Sicut cervus is a motet for four voices by Giovanni Pierluigi da Palestrina. It sets the beginning of Psalm 42, Psalmus XLI in the Latin version of the Psalterium Romanum rather than the Vulgate Bible. The incipit is "Sicut cervus desiderat ad fontes" (As the deer desires the fountains) followed by a second part (secunda pars) "Sitivit anima mea" (My soul thirsts). It has become one of Palestrina's most popular motets, regarded as a model of Renaissance polyphony, expressing spiritual yearning.

== History ==
The motet is a setting of Psalm 42:1-3. The Psalm was a prescribed tract for the blessing of the water (font) on Holy Saturday, recalling the water of baptism as well as the "living water of the eucharist". The text, speaking of the longing for God, retained its association with funeral music, having been widely used as the Tract before the Tridentine Roman Missal of 1570 standardized the tract Absolve, Domine.

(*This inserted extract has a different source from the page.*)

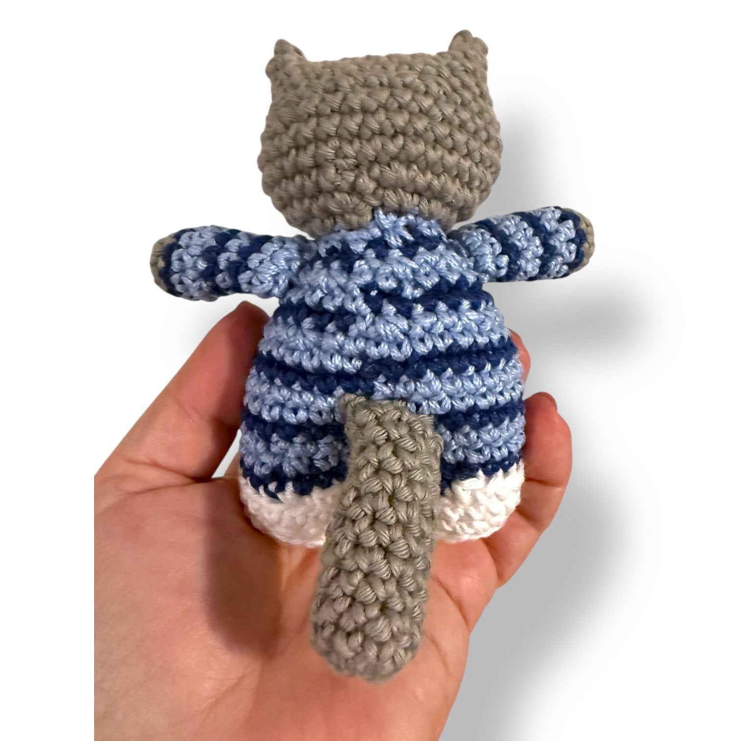 You will receive a detailed, photo-supported PDF crochet pattern to create a cat measuring approximately 6 inches tall. The design is worked mostly in one piece, with separate arms and tail for straightforward assembly and a clean, polished finish.

The first edition which has survived in full is a posthumously published collection of motets, Motectorum quatuor vocibus, ... which appeared in Venice in 1604. However, it appears that a lost edition of Sicut Cervus was published in Rome during the composer's lifetime.

It is now one of Palestrina's most anthologized works and regarded as a model of Renaissance polyphony.

== Music ==

The motet is written for four voices, soprano, alto, tenor, and bass. It is set in imitative polyphony throughout, with attention to the meaning of the text in subtle word-painting. For the word "desiderat", expressing longing, the pace is faster, and the melody rises, reaching its peak on the word "fontes" (streams, water, fountains). In the continuation of the first part, "ita desiderat anima mea ad te, Deus" (Thus longs my soul for Thee, God), the human desire expressed in the first person is rendered in denser imitation and with more intense dissonance. The motet has been described as the expression of "serene but fervent spiritual yearning".

== Cultural Significance ==
Sicut Cervus remains one of Palestrina's most popular and frequently performed works and one of the rare motets that retained its popularity into the modern era.
The motet has become the "unofficial anthem" of St. John's College (Annapolis/Santa Fe), where it is sung every Wednesday by students and faculty and is the part of the first-year curriculum.